The features of the TS phenotype include short stature and congenital malformations such as webbing of the neck and coarctation of the aorta (5). In addition, these females manifest a specific neurocognitive profile in which verbal ability [including verbal intelligence quotient (IQ)] is generally normal (6, 7, 8, 9), whereas spatial cognition (visual-spatial/perceptual, visual-motor), working memory, and executive function (planning, organizing) are relatively impaired (10, 11, 12, 13, 14, 15).
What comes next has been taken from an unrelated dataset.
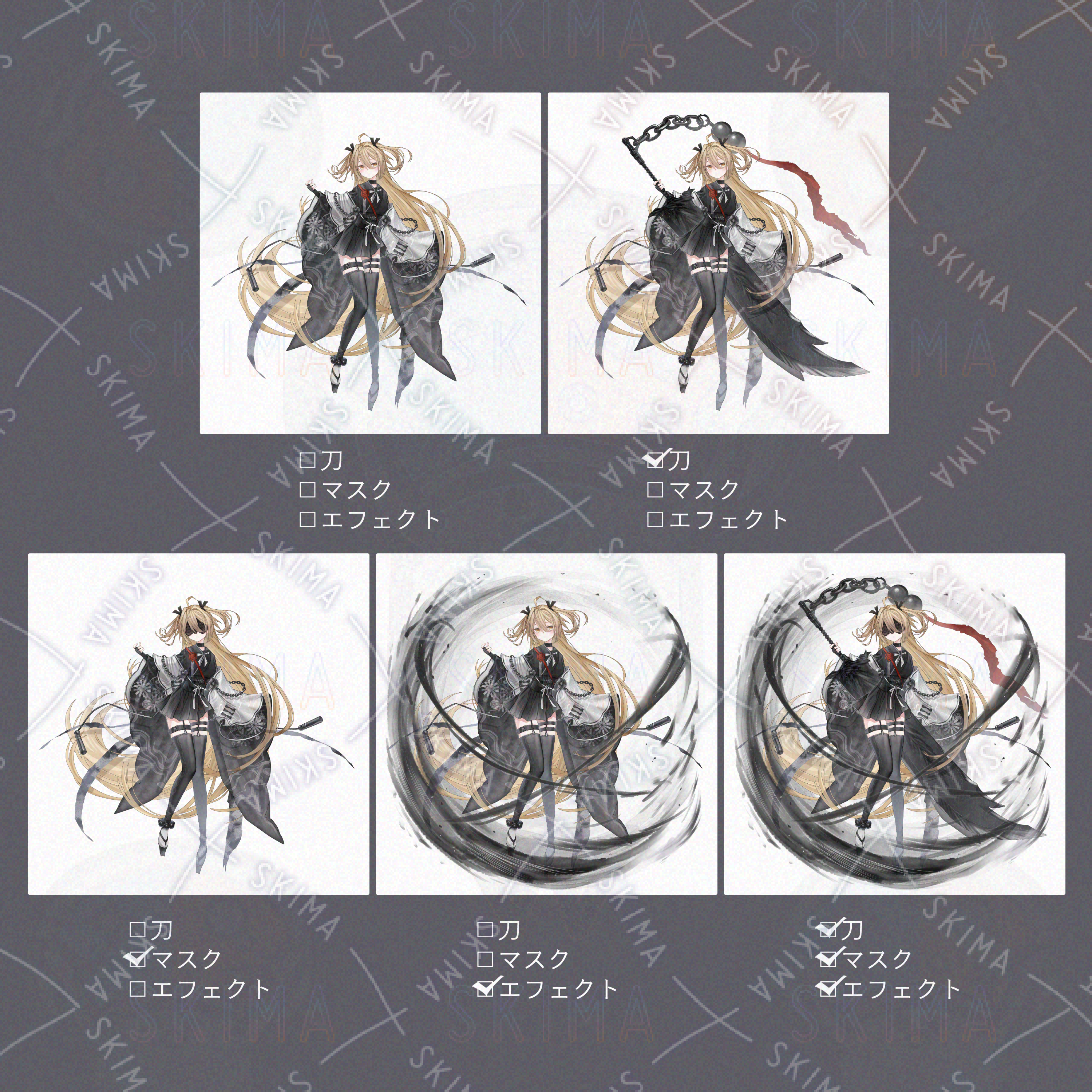 刀・マスク・エフェクトは立ち絵の上に重ねてお使いください。
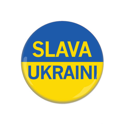 "Light will win over darkness." - Volodymyr Zelenskyy. 100% of the profits will go toward United Help Ukraine. 2.25" Round Metal Button. Designed by RAYGUN and Made by Badge Bomb LLC.

Previous neuroanatomic studies demonstrated differences in the right posterior regions (parietal and temporal), the bilateral dorsolateral prefrontal cortex, the caudate nucleus, and the left parietal-perisylvian region in TS subjects, compared with controls (16, 17, 18, 19), that may be related to their cognitive differences.

These TS-associated cognitive deficits could be due to the absent ovarian production of estrogen and androgen as well as haploinsufficiency for gene/genes on the X chromosome. Certain of the TS deficits, such as speeded motor performance, may be secondary to estrogen deficiency because estrogen replacement is associated with improvement (20, 21). Other TS cognitive deficits, including spatial function, are apparently not ameliorated by estrogen replacement and may occur secondary to androgen deficiency. Androgen alterations during the perinatal period and puberty influence cognitive function and behavior in animal and human models, and sex differences have been observed in several cognitive areas, including visual-spatial tasks involving mental rotation and spatial perception (22).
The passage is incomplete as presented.